What's the number one things you'd like to improve about your fingerstyle blues playing? Is it having more ideas, so you don't feel like you're playing the same things over and over? Is it breaking out of the usual I-IV-V with some different chord voicings? Or is finding out what those hidden sounds are? You know, the cool, jazzier-sounding changes you can hear going by in other people's playing but can't quite locate for yourself on the fingerboard?

Lots of guitarists, faced with these questions, conclude that what they really need to do is learn more chords. And learning chords is a great starting point. But if you don't know what to do with them, they remain just that – a great starting point. On the flip side, you can learn a whole bunch of theory about things like 9ths and 13ths, or tritone substitutions, but if you don't have a way to turn them into usable licks, they won't magically (dang it!) find their way into your playing either.

Chord voicings refers to the different ways you can play similar chords on the fretboard – in various positions, with different fingerings, etc. Chord substitutions means the ways you can swap in those voicings for the ones you already know – and the reasons why. One of the best ways to expand your sounds and ideas on the blues is to take the basic I-IV-V, 12-bar framework, and learn, a couple of bars at a time, a few particular chord substitutions for those bars and the voicings you need to play them. Then move on to the next couple of bars, and go through the same process.

Working through the whole 12-bar progression this way will not only help you build your chord vocabulary. It'll help you come up with new licks, too. Just  playing familiar licks over new chord changes can give those licks a whole new sound. And ultimately, you can use those new chords themselves as a springboard for new melodic ideas altogether.

Chord Substitutions – And How To Use Them

Years ago, I wrote a book called The Acoustic Guitar Chord Book, a reference companion to my Acoustic Guitar Method and Acoustic Guitar Fingerstyle Method. My wife was profoundly bullish on the project, convinced as she was of the popularity of the concept. "Everyone needs a chord book," she observed. "My first guitar book was a Happy Traum chord dictionary!"

I personally had never owned a chord book, making me perhaps an odd candidate for the gig. Still, I plowed ahead, buoyed by Ms. Fretboard's conviction that this was the project to make the family's fortune – or at least pay for a few rounds of fish tacos somewhere along the way. In fact, writing that book only convinced me of what I already suspected: it's not enough to learn more chords.  You need to learn where to use them, and how to incorporate them into the things you already know how to do.

Because the blues is based on a seemingly finite situation – twelve bars (maybe eight or sixteen), three chords (maybe four or five if you're getting fancy) – it sure seems like you could brighten things up by throwing some additional chords into the mix. But which chords, why, and how?

"Chord substitutions" is just the idea of swapping in different chords for the usual ones, or adding additional chords to the existing progression. If that sounds like the possibilities could be sort of endless, you're right. So for this workshop, I've narrowed the options down to a dozen of the most important, frequently-encountered moves so you can really get your hands and brain around them in short order.

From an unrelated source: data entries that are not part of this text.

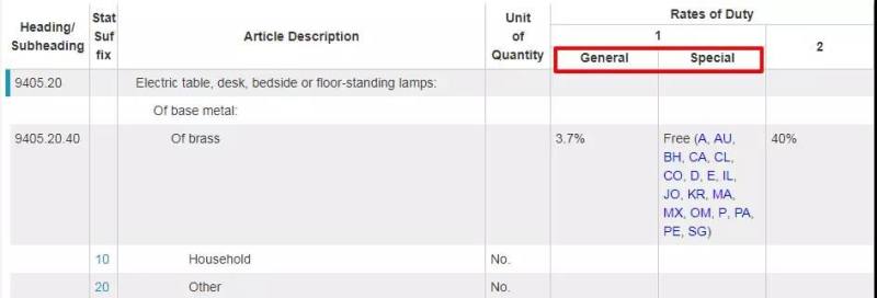 “1”中的“General”指从世界绝大部分进口产品的关税(含中国),“Special”指和美国有相关自贸协定国家的进口关税;“2”指和美国没有贸易关系的贸易受限的特殊国家(比如朝鲜)的进口关税。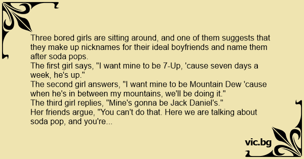 The second girl answers, "I want mine to be Mountain Dew 'cause when he's in between my mountains, we'll be doing it."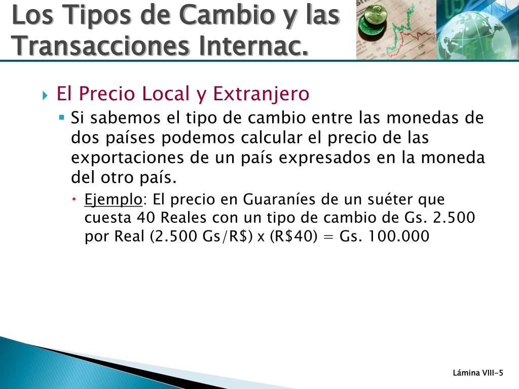 Los Tipos de Cambio y las Transacciones Internac. • El Precio Local y Extranjero • Si sabemos el tipo de cambio entre las monedas de dos países podemos calcular el precio de las exportaciones de un país expresados en la moneda del otro país. • Ejemplo: El precio en Guaraníes de un suéter que cuesta 40 Reales con un tipo de cambio de Gs. 2.500 por Real (2.500 Gs/R$) x (R$40) = Gs. 100.000

Not only that – I've designed the material to make it as simple and logical as possible for you to fold each potential idea into your playing as quickly as possible, by organizing them as two-measure ideas you can immediately drop into a particular moment in the blues progression.

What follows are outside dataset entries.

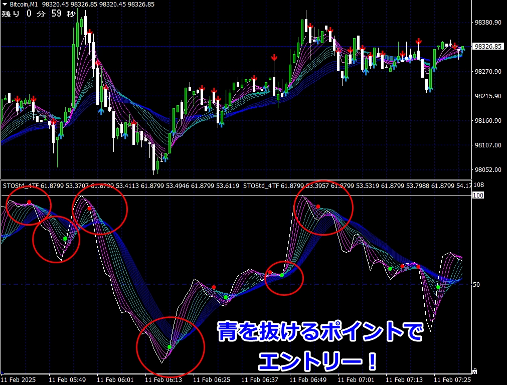 ② 矢印サイン点灯状態で、インジケーターのピンク色の帯が、緑の帯を下からすくい上げるような形状であれば、現在のローソク足が確定する数秒前か確定の直後に1分判定または3分判定でハイエントリーします。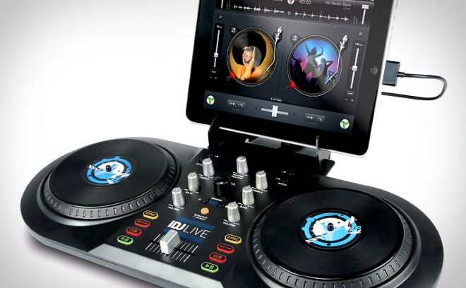 Having honed your newly-found DJ skills on your iPad using Djay, are you ready to take the next step and transfer from the virtual to real life controls? Numark iDJ Live ($100) was made for you. Developed in partnership with Algoriddim, the company behind the aforementioned Djay, the iDJ Live connects to your iPad — or iPhone, or iPod touch — via the Dock Connector, and gives you a pair of real performance platters for cueing and scratching, a central mixing section with a crossfader and plenty of buttons and knobs, and a custom audio cable for connecting to speakers and headphones. True, it's not technically a "real" DJ setup, but it's a big step in that direction.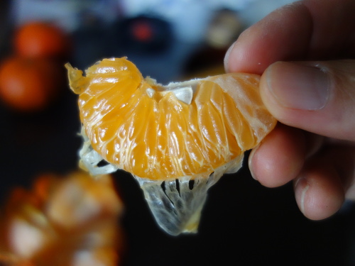 表皮と比べると中身はあまり橙色にはなっていません。じょうのう膜は薄いです。私は温州みかんのじょうのう膜はそのまま食べますが、ノバ・オレンジのじょうのう膜も丸ごと食べても全く気になりません。むしろ温州みかんよりも食べやすかったです。

More specifically, for every two bars of the blues in E, we'll look at two different ways to navigate those bars. You'll wind up with twelve fully tabbed-out examples, each incorporating one particular chord substitution idea into a completely playable two-bar steady bass lick. All the examples are designed to fit with each other, so while I'm not one hundred percent on the math, I'm pretty sure that gives you a total of 64 ways to play through the blues in E before you start to repeat yourself, and that's just if you stick to the examples in this workshop.

Register Now

Why a live workshop?

I've been doing in depth live streams for over a year as part of my monthly membership, The Fingerstyle Five, and on my Youtube channel, and the ones on chord voicings and chord substitutions have routinely been among the most popular. The live stream format combines a concentrated amount of material on a specific topic with an interactive, Q&A environment that lets you get your specific questions answered while the workshop is still going on. Before this workshop starts, you'll have a PDF with notation and tab of each example I'm going to teach, so you can focus on watching and learning, knowing the note-for-note specifics are already in your hands. The whole two hours will be archived for later replay, so you'll be able to watch anything you want again for the next three months. And I'll pause at regular intervals to take questions via chat, to clear up aspects of the material that are still unclear.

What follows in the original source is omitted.